The Schusterman Center’s Summer Institute for Israel Studies (SIIS) has helped hundreds of academics from more than 200 institutions across North America and around the world to teach Israel Studies in a balanced way.
SIIS welcomes these faculty members to Brandeis University to study about Israeli intensively with Israel studies scholars who help them develop syllabi for courses they plan to teach upon returning to their home institutions. This residency is followed by a 10-day tour of Israel, featuring encounters with Jewish and Arab intellectuals, politicians and community leaders.
Once they are in Israel, one of the stops on their itinerary is a visit to the Ma’aleh School of Television, Film and the Arts located in the Musrara neighborhood of Jerusalem, where haredim and hipsters mingle on the streets. Ma’aleh was founded in 1989 to provide a welcoming environment for religiously observant students to study filmmaking, however, the school accepts all kinds of students no matter what their level of observance. At Ma’aleh, SIIS participants watch films by students and discuss their movies, which raise all kinds of issues, some of which are universal and some of which are particularly Israel- and Judaism-oriented, with Ma’aleh staff and filmmakers. If the professors are interested, they can arrange to show these films – or other films in the extensive Ma’aleh catalog of student films – to their own students back home.

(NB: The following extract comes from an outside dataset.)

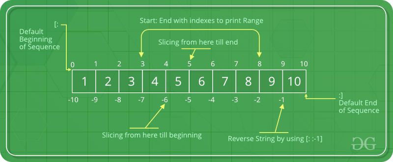 array('i', [2, 3, 5])Trong mảng Python, có nhiều cách để in toàn bộ mảng với tất cả các phần tử, nhưng để in một phạm vi phần tử cụ thể từ mảng, chúng ta sử dụng phép toán Slice .

Recently, I joined a group of SIIS fellows as they got to see two short films at Ma’aleh, movies that were very different and that illustrate the diversity of viewpoints and filmmaking styles represented by Ma’aleh students. The SIIS faculty were also an extremely diverse group, with participants from all over the US, including Bluefield State College in West Virginia, West Texas A&M University, University of Hawaii, Howard University, the US Air Force Academy, the US Naval Academy, Kent State University and several others, as well as universities in Zurich and Prague.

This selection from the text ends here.